# Galvanized vs. Stainless Rigging



## TSOJOURNER (Dec 16, 1999)

I need to redo the standing rigging on our O'day 35. The rigger we feel comfortable with has suggested using galvanized over stainless. Any thoughts on this?


----------



## SVCarolena (Oct 5, 2007)

I've never heard of using galvanized for rigging. Is it really that much less expensive than stainless? I see that your signature says you are in DC, are you on a fresh water portion of the Potomac? Personally, I'd go stainless. Our boat is on the Occoquan where the water is primiarily fresh, but I still wouldn't feel comfortable with galvanized.


----------



## Faster (Sep 13, 2005)

I've never seen galvanized standing rigging on a boat like that... can't imagine why you'd want to do so.....


----------



## camaraderie (May 22, 2002)

I've seen plenty of galvanized on old schooners etc. but never on a modern production boat. Spend the money for the reliabiity and long life of stainless.


----------



## Maine Sail (Jan 6, 2003)

*On a ..*

On a schooner maybe? On a 35 footer I've never even seen it for sale?? Pay now or pay later... I'd opt for 304 or 316 stainless and my rigger only sells 316 these days but 95% of his work is on salt water..


----------



## sailingdog (Mar 19, 2006)

Go with 316 Stainless... it is a bit weaker than 304 stainless, but far more corrosion resistant and not subject to the chloride ion stress cracking that 304 can suffer from.


----------



## GaryHLucas (Mar 24, 2008)

Everything at your dock is held together with galvanized hardware, where it is always exposed to water. All the power line guying all around the marina, and everywhere else in your state are all galvanized. Galvanized guy strand is all high tensile alloy steel, typically 50% stronger than the same size stainless guy strand. Galvanized steel doesn't suffer from crevice corrosion, which is why it is used underwater, and stainless isn't. Stainless fails from metal fatigue much faster that galvanized steel. Galvanized rigging costs much less. If your rigger is competent then he's probably giving you good advice.


----------



## chris_gee (May 31, 2006)

Yes as above. Plus any deterioration can be seen whereas with stainless it can't always. It is an idea I have heard before but not often done because most people assume stainless is better.


----------



## TSOJOURNER (Dec 16, 1999)

The boat is on the Chesapeake and we are re-fitting for a year's cruise. We've had the boat ten years and love it. GaryHLucas and Chris gee, you have hit the nail on the head as far as my rigger is concerned. I've always used 316 stainless on sailboats, in areas that tend to stay wet I've noticed rust. I always thought it had to do with inferior or mislabled stainless but my rigger says it has to do with a chemical reaction to oxygen, or lack of it. Pevious to this boat we had a Catalina 27, purchased new, and owned it for 18 years. After 15 years the mast came down during an exciting sail. The cause was found to be a fatigude (sp) turbuckle, probably didn't dry out well because of those plastic boots. Stainless does look better but..... Interested in what others have to say.


----------



## Maine Sail (Jan 6, 2003)

GaryHLucas said:


> Galvanized guy strand is all high tensile alloy steel, typically 50% stronger than the same size stainless guy strand.

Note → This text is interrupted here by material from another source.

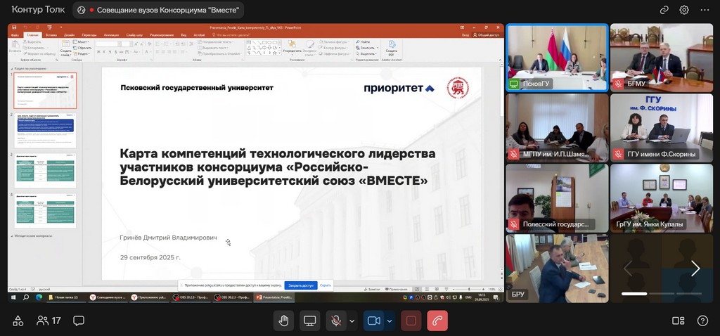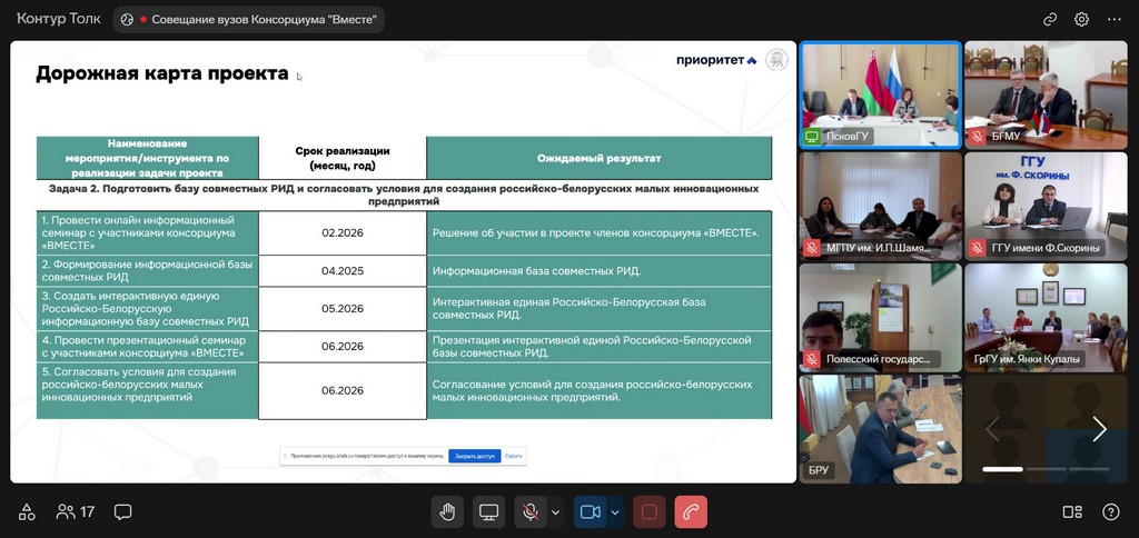 29 сентября представители ГГУ имени Ф. Скорины приняли участие в онлайн-совещании вузов – участников Консорциума «Российско-Белорусский союз «ВМЕСТЕ».

Really? That's very interesting because Loos Co. shows the minimum breaking strength of 1X19 stainless and 1X19 galvanized are identical at 8200 Lbs for 1/4" dia... 316 stainless is much more corrosion resistant but about 10% weaker than 302/304 which is comparable to galvy. I still can't for the life of me figure out where you pulled the


> typically 50% stronger than the same size stainless guy strand


 from???

Loos Co. Type 304 1/4" 1X19 8200 Lbs. (Link)

Loos Co. Galvanized 1/4" 1X19 8200 Lbs. (Link)

Do you ever get the feeling some folks just type before actually doing 30 seconds worth of simple research??

P.S. I grew up sailing on a 50 foot Bud Macintosh designed wooden schooner with galvy rigging. It dripped so much rust they finally replaced it with stainless. The galvy looked better on that boat but what a mess on deck! Too bad they didn't make bronze 1X19 that would have looked great...


----------



## fullkeel7 (Apr 16, 2008)

Hmmm...wonder why production boats are not sporting the galvanized stuff on new boats...I've never seen any at the shows...anyone? If they thought they (manufacturers) could replace any stainless with galvanized, don't ya think they would? Must be a reason.


----------



## tdw (Oct 2, 2006)

Not claiming real knowledge of galvanise v stainless but gee I thought this was an argument that was put to bed twenty years ago at least.

From what I remember the big advantage of galvanised was that it was a lot easier to work when running the wire around an eye and using an old style swage. Ergo, if you wanted to be really self sufficient you could carry a roll of gal wire, eyes and swages and do all the work yourself. Gal gear was aso a lot cheaper. 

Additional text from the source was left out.